[Extracted records]
[Start of Attachment]

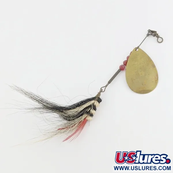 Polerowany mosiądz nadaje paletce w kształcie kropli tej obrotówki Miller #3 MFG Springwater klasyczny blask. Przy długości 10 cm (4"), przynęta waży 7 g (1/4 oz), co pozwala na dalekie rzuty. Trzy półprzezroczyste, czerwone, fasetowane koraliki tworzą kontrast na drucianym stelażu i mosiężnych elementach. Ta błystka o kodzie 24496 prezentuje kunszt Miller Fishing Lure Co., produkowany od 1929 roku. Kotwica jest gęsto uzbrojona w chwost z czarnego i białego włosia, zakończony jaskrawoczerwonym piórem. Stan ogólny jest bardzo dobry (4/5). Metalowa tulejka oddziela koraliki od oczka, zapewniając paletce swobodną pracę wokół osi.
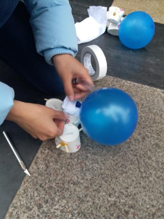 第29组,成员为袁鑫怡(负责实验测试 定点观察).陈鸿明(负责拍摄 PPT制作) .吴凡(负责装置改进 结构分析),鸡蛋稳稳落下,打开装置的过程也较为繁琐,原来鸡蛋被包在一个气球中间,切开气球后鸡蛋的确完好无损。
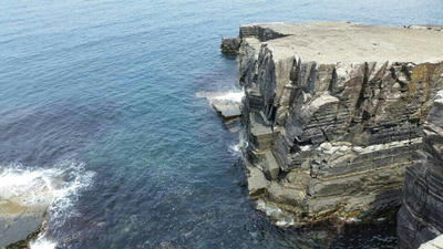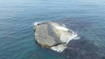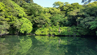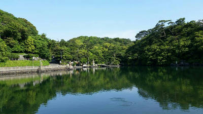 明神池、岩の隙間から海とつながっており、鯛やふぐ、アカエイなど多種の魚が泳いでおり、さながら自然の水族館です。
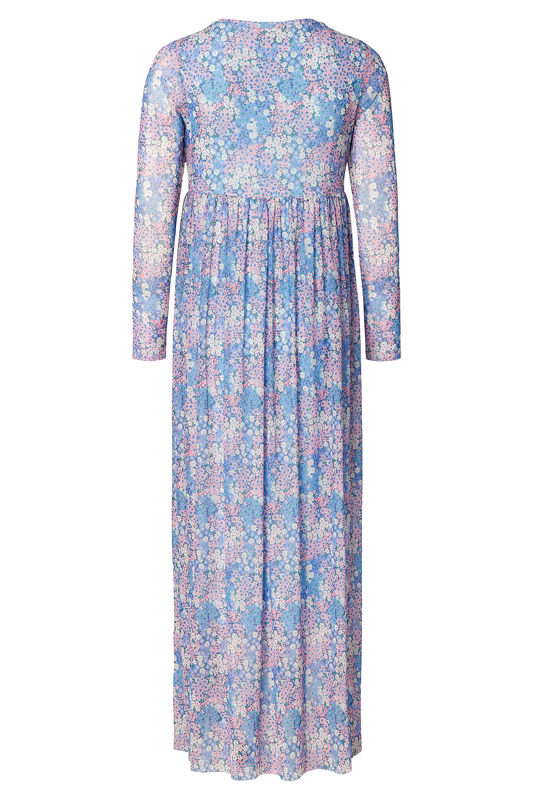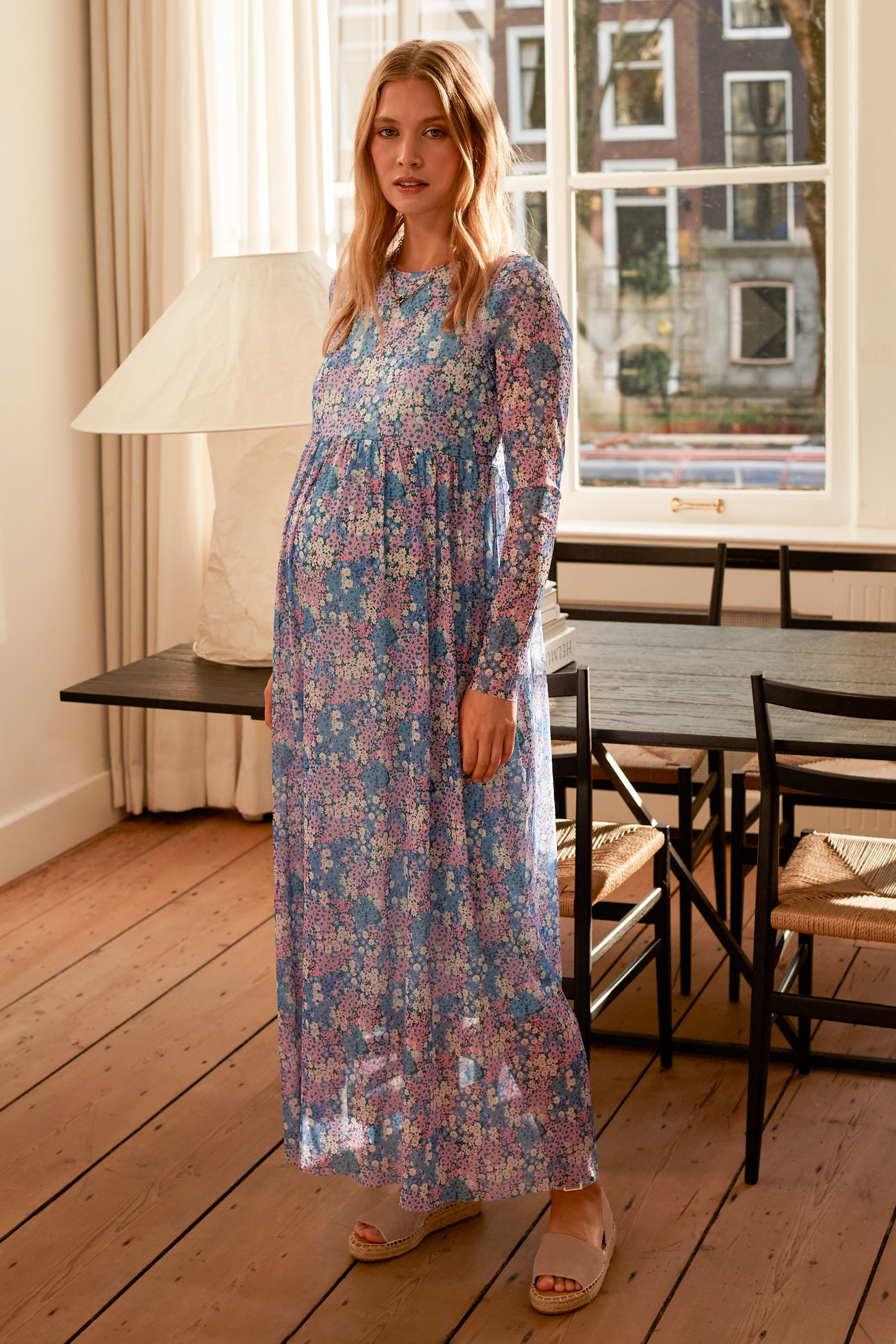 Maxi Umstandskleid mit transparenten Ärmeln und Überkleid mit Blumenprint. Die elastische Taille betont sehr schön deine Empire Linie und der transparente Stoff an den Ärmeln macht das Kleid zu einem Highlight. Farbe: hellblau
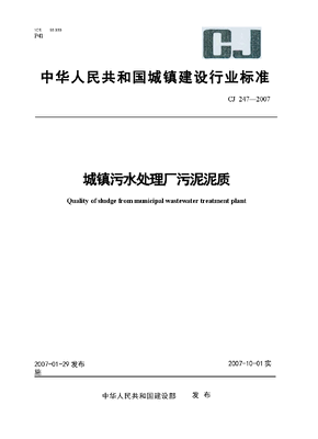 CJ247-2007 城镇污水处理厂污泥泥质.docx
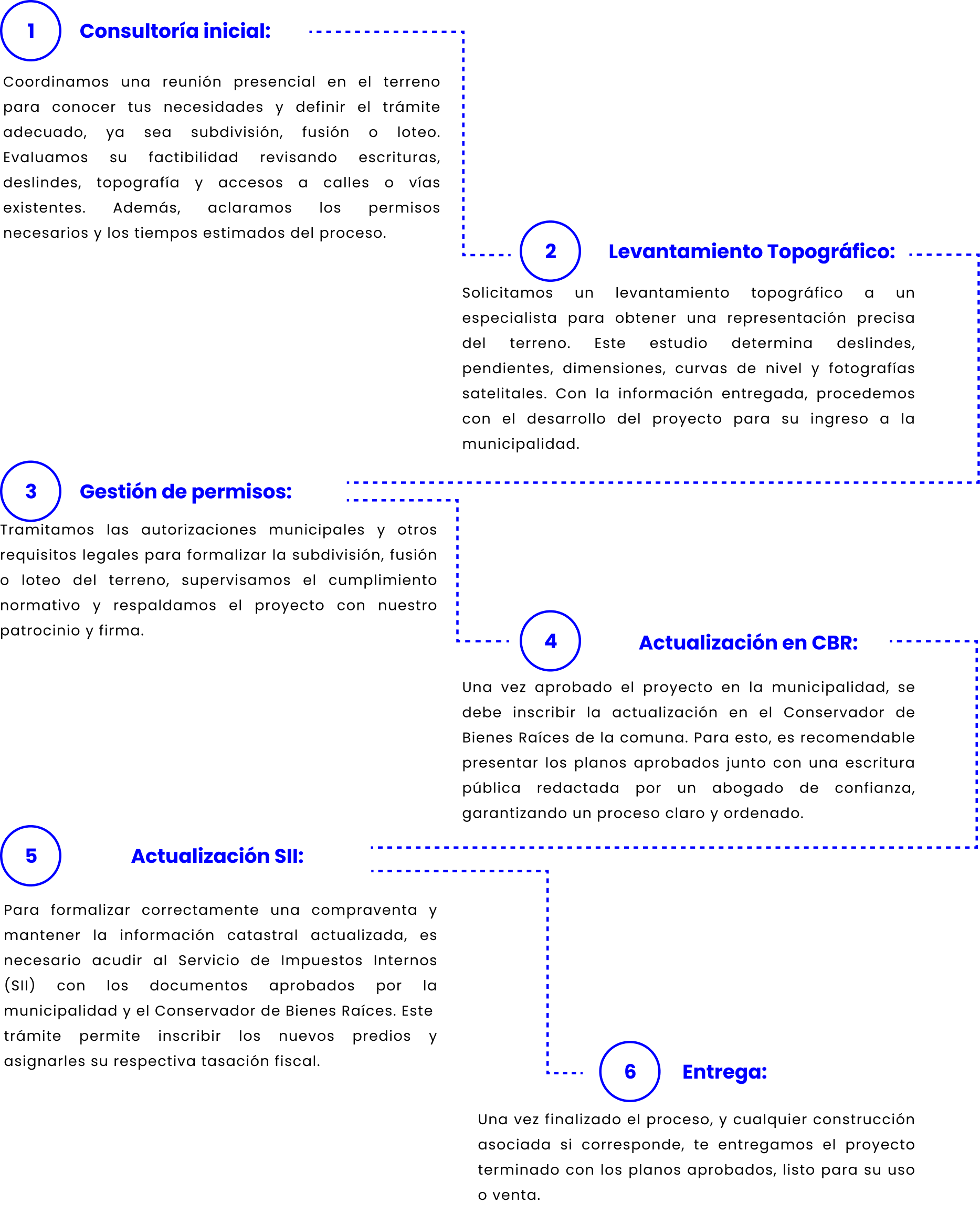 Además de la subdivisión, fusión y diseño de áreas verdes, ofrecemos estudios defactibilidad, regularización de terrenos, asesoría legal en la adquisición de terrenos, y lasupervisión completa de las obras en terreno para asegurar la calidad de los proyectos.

[End of Attachment]

■ **TASK ITEM**:
I'd like the lines above repeated exactly, from the one that contains "Maxi Umstandskleid mit" through the one that contains "CJ247-2007 城镇污水处理厂污泥泥质.docx", with no pictures.

■ **ANSWER BOX**:
 Maxi Umstandskleid mit transparenten Ärmeln und Überkleid mit Blumenprint. Die elastische Taille betont sehr schön deine Empire Linie und der transparente Stoff an den Ärmeln macht das Kleid zu einem Highlight. Farbe: hellblau
 CJ247-2007 城镇污水处理厂污泥泥质.docx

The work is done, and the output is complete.